For the most part, the identification of the genetic bases of unrecognized developmental disorders has shifted to genotype-first approaches. Here, data are produced and then mined to identify new genetic bases using various methods, including the evaluation of “phenotypical recurrence” in patients with similar genotype, and an increasing number of statistical approaches. The power of these strategies suggests that the most frequent causes of genetic disease have been uncovered and that the remaining genotype–phenotype correlations are for ultrarare diseases only. Large-scale sharing of both clinical and genetic data will be needed to delineate these rare clinicobiological entities, and there have already been attempts to facilitate this process. GeneMatcher is one such solution in which users can share variants of interest online to find other individuals with similar genotypes and phenotypes.8 Several teams, including ours, have used GeneMatcher successfully for disease identification. On a wider scale, sharing large sets of unsorted variants can also yield positive results. For example, denovo-db is a database that gathers thousands of de novo variations identified in various cohort studies of mainly trio exome sequencing (ES) and trio genome sequencing (GS).9 In a recent study, the authors applied a statistical algorithm to denovo-db data to look for clusters of de novo missense variants, which resulted in the identification of three new genes, including ACTL6B.10

Recurrence of the same de novo variant in at least two unrelated individuals, what we call variant recurrence, is not exceptional in developmental disorders,11,12 but rare are the studies that take advantage of this recurrence for the identification of variants of interest.13 We hypothesized that patients from our local cohort with developmental disorder and negative solo exome sequencing could harbor variants identified as de novo in large trio cohort studies of developmental disorders, and that identifying a recurrence would weigh in favor of these variants’ pathogenicity. Our approach attempted to identify missense pathogenic variants in our database of >1200 solo exomes based on data obtained from denovo-db.

MATERIALS AND METHODS

Selection of variants of interest from denovo-db

We first created a set of missense variants of interest, identified at the de novo state in at least one individual with a developmental disorder. We downloaded a file containing the 283,888 variants of denovo-db version 1.5 from the publicly available website (http://denovo-db.gs.washington.edu/denovo-db/Download.jsp). For each variant, several data were available, including standard annotations such as the predicted functional effect of the variant and the frequency of the allele in various databases. The cohort study in which the variant was detected was also specified, providing basic clinical information about the patient harboring the de novo variant. Only variants of interest that matched the clinical presentations investigated in our institution were considered. From the 18 clinical cohorts available in denovo-db, we selected the variants from 6 subcohorts linked to pediatric developmental disorders: autism, intellectual disability, developmental disorder, epilepsy, neural tube defects, and acromelic frontonasal dysostosis (Fig. 1). We also excluded variants that were observed at least once in the ExAC database, because (1) ExAC is thought to be free of individuals with severe pediatric disorders, and (2) most single-nucleotide variants (SNVs) implicated in severe developmental disorders with a de novo mechanism appear fully penetrant, with very few resilient individuals in control databases.14,15 This filtration process resulted in a list of 7335 de novo events from denovo-db, corresponding to 7205 unique missense variants of interest.

Fig. 1
figure 1

Study flowchart. Denovo-db subcohorts used are highlighted in bold. DD developmental disorder, NGS next-generation sequencing.

Local ES and GS cohort

At the time of this study, our database contained 1271 entries from ES of probands with a developmental disorder. All individuals had signed written consent and the local ethical committee approved this study (Comité de Protection des Personnes, CPP, number DC2011–1332). The majority were sequenced with a solo strategy (n = 1036), but duos, trios, and trio+ were also present (n = 235).
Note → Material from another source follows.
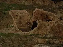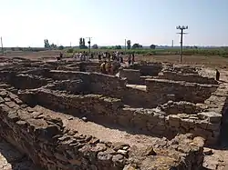 El poblado se construyó en una llanura cerca del río Corb con una superficie habitacble máxima de 2 400 m², se encontraba completamente fortificado por una muralla de cinco metros de anchura. Dentro de la muralla las calles estrechas radiaban a una plaza central y seguían la forma ovalada marcada por el recinto.[41]

Raw data from exomes were analyzed using a standard in-house pipeline as previously described,16 leading to the identification of approximately 400 high quality rare sequence variants with a coding effect (or intronic variants located close to exon–intron junctions) in each patient. Variant interpretation was performed independently by two biologists following American College of Medical Genetics and Genomics and the Association for Molecular Pathology (ACMG/AMP) recommendations with a focus on genes associated with a human disease in OMIM. Most of the negative exomes underwent serial reanalysis.17 Prior to this study, of the 1271 entries, 376 analyses (29.6%) were annotated as positive, 137 (10.8%) as inconclusive (indicating the presence of a variation of unknown significance), and 758 (59.6%) as negative.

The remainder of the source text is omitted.